Several design elements reference this theme, including a prominent 2.5-metre digital moon globe and intimate dining spaces referred to as ‘moon pods’. Celest’s logo combines nineteenth-century stylistic references, such as the hot-air balloon, with contemporary typography, reflecting the thematic interplay between historical imagination and modern experience.

==Cuisine==
The restaurant offers a seasonal menu developed in collaboration with local suppliers. Former head chef Drost based the dishes on the availability of regional products, such as fish and vegetables, and combines these with international cooking techniques. Celest employs sous-chefs Frank van Rijsbergen, previously of Allure and FG and named Rotterdam Culinary Talent in 2014, and Leonardo Sussi, formerly of Fitzgerald.

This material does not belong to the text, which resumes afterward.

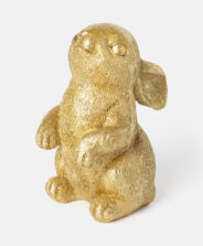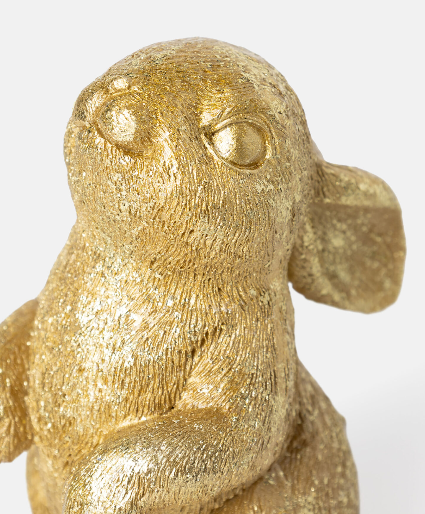 Zlatni zec od polirezina privlači pažnju svojom suptilnom elegancijom. Polirezin je lagan i izdržljiv materijal koji odolijeva protoku vremena i vremenskim uslovima, osiguravajući dugotrajan kvalitet figurice. Zec je savršen za one koji traže nježne i ukusne ukrasne dodatke. U ponudi su dostupni različiti dizajni.

Celest was led by head chef Lars Drost, who previously worked at the two-Michelin-starred restaurant Ciel Bleu in Amsterdam. In early 2026, Drost, who had been leading the kitchen at Celest since late 2024, left the restaurant to become the chef of the new fine dining restaurant at the Mandarin Oriental Hotel in Amsterdam. Drost’s departure was announced ahead of his departure from Celest on 1 February 2026 amid ongoing phased reopening efforts following earlier water damage at the Zalmhaven tower location; as of the announcement, no replacement had been named.